↓
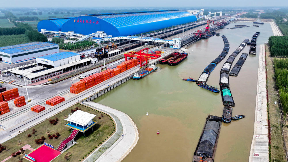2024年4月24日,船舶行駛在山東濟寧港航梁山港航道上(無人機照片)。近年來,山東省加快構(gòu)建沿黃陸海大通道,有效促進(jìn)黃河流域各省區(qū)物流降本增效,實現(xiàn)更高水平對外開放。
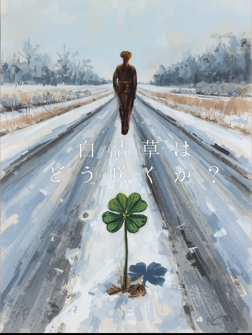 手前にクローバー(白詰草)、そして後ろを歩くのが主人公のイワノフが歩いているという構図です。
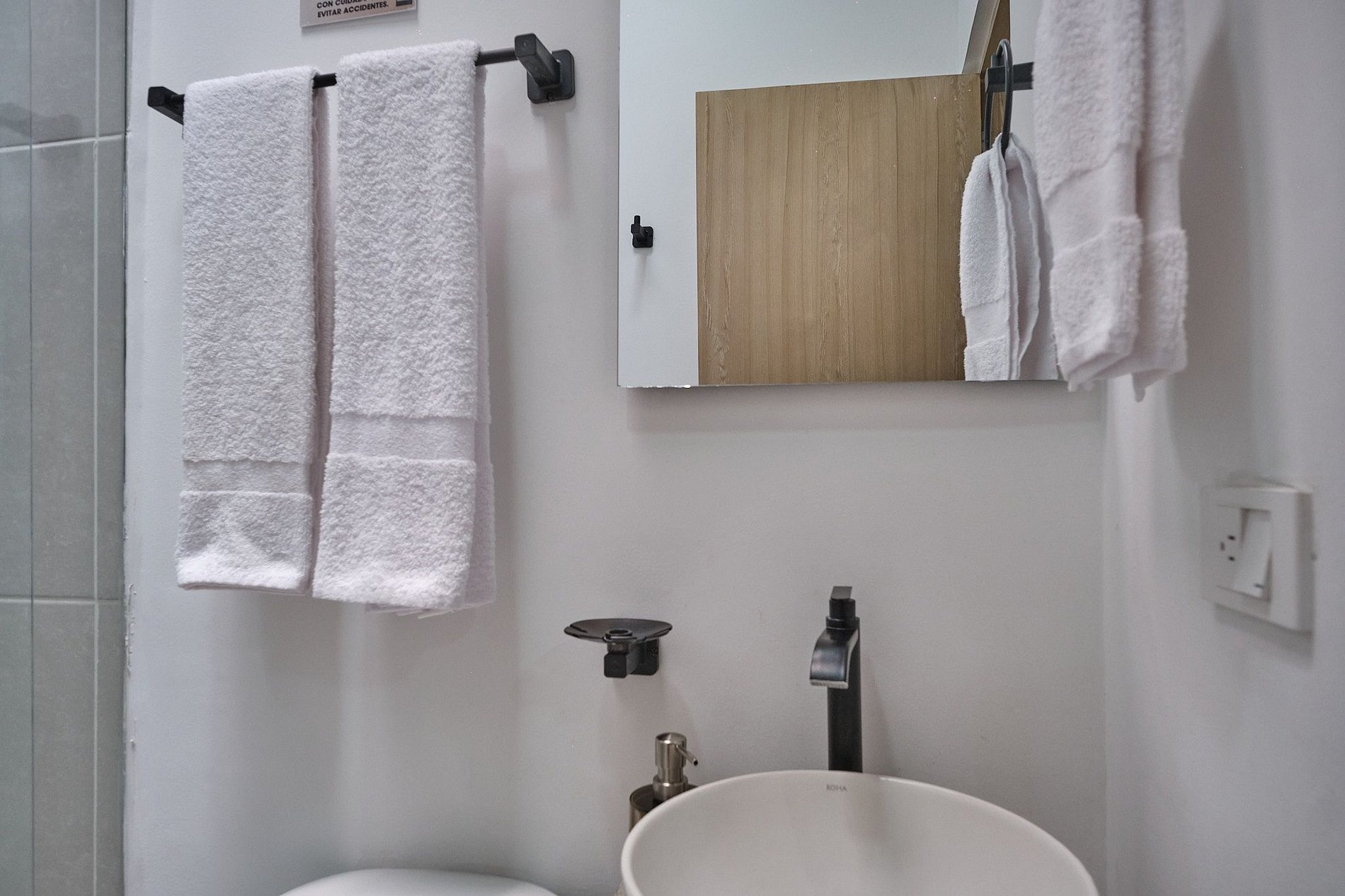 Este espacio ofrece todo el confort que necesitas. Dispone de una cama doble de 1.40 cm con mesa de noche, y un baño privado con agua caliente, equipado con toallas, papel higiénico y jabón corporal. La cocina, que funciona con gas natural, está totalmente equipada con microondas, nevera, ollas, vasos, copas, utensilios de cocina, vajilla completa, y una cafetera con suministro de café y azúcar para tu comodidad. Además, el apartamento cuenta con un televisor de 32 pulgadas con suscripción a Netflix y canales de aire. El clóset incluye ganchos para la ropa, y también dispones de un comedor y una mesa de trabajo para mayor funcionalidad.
↑
↓
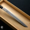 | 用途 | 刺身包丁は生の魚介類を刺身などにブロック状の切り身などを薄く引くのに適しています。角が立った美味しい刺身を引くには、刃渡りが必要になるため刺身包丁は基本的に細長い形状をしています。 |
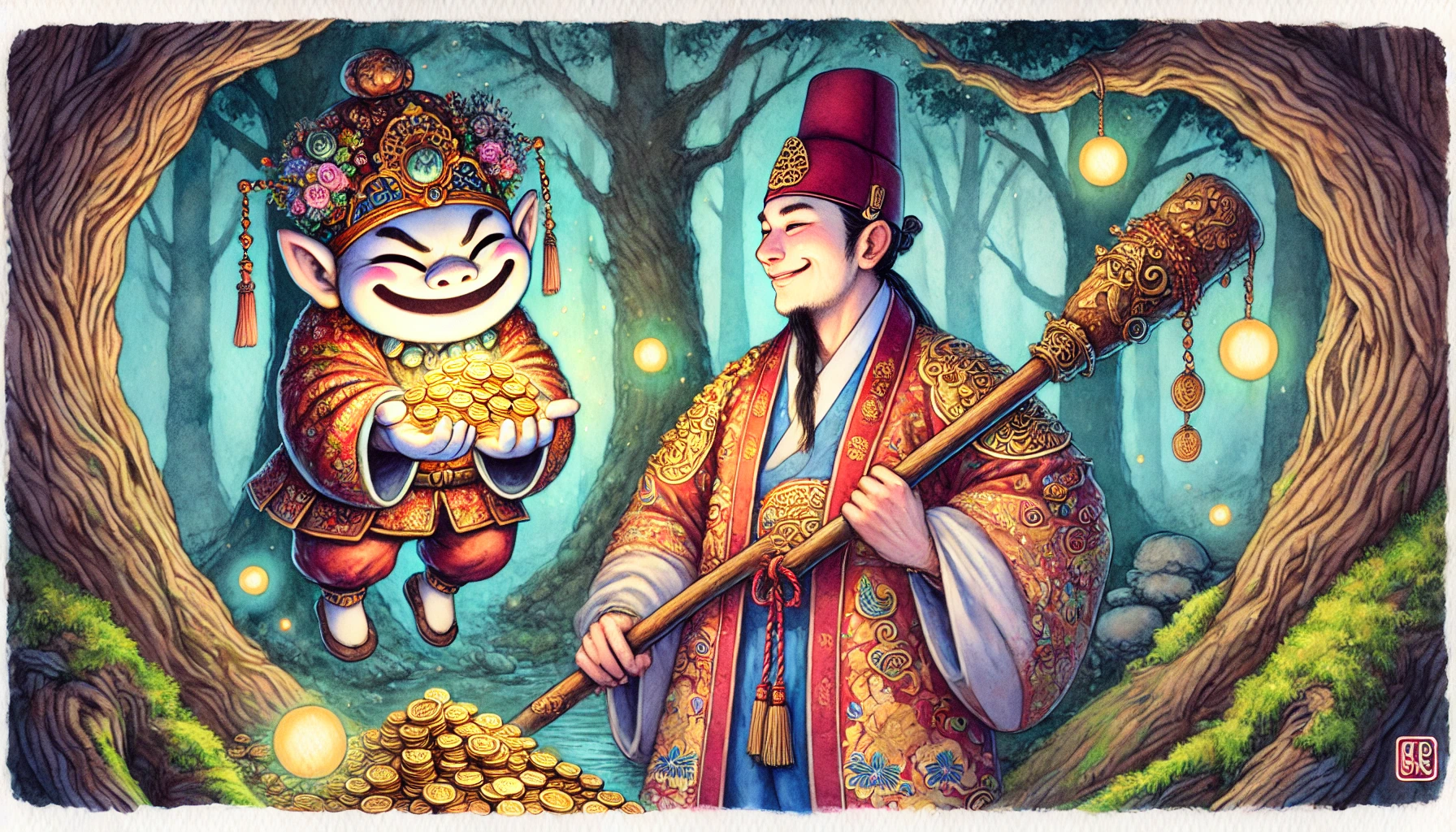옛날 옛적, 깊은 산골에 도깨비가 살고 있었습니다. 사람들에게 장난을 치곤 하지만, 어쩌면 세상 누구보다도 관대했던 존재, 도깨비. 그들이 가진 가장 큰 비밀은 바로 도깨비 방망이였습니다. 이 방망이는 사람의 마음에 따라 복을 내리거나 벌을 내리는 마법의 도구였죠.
↑
#### [ACTIVITY]
Going by the data above, give back only the lines from the one containing "手前にクローバー(白詰草)、" through the one containing "Este espacio ofrece", exactly as they stand, both ends included and no images.

#### [SOLUTION TO THIS PROBLEM]
 手前にクローバー(白詰草)、そして後ろを歩くのが主人公のイワノフが歩いているという構図です。
 Este espacio ofrece todo el confort que necesitas. Dispone de una cama doble de 1.40 cm con mesa de noche, y un baño privado con agua caliente, equipado con toallas, papel higiénico y jabón corporal. La cocina, que funciona con gas natural, está totalmente equipada con microondas, nevera, ollas, vasos, copas, utensilios de cocina, vajilla completa, y una cafetera con suministro de café y azúcar para tu comodidad. Además, el apartamento cuenta con un televisor de 32 pulgadas con suscripción a Netflix y canales de aire. El clóset incluye ganchos para la ropa, y también dispones de un comedor y una mesa de trabajo para mayor funcionalidad.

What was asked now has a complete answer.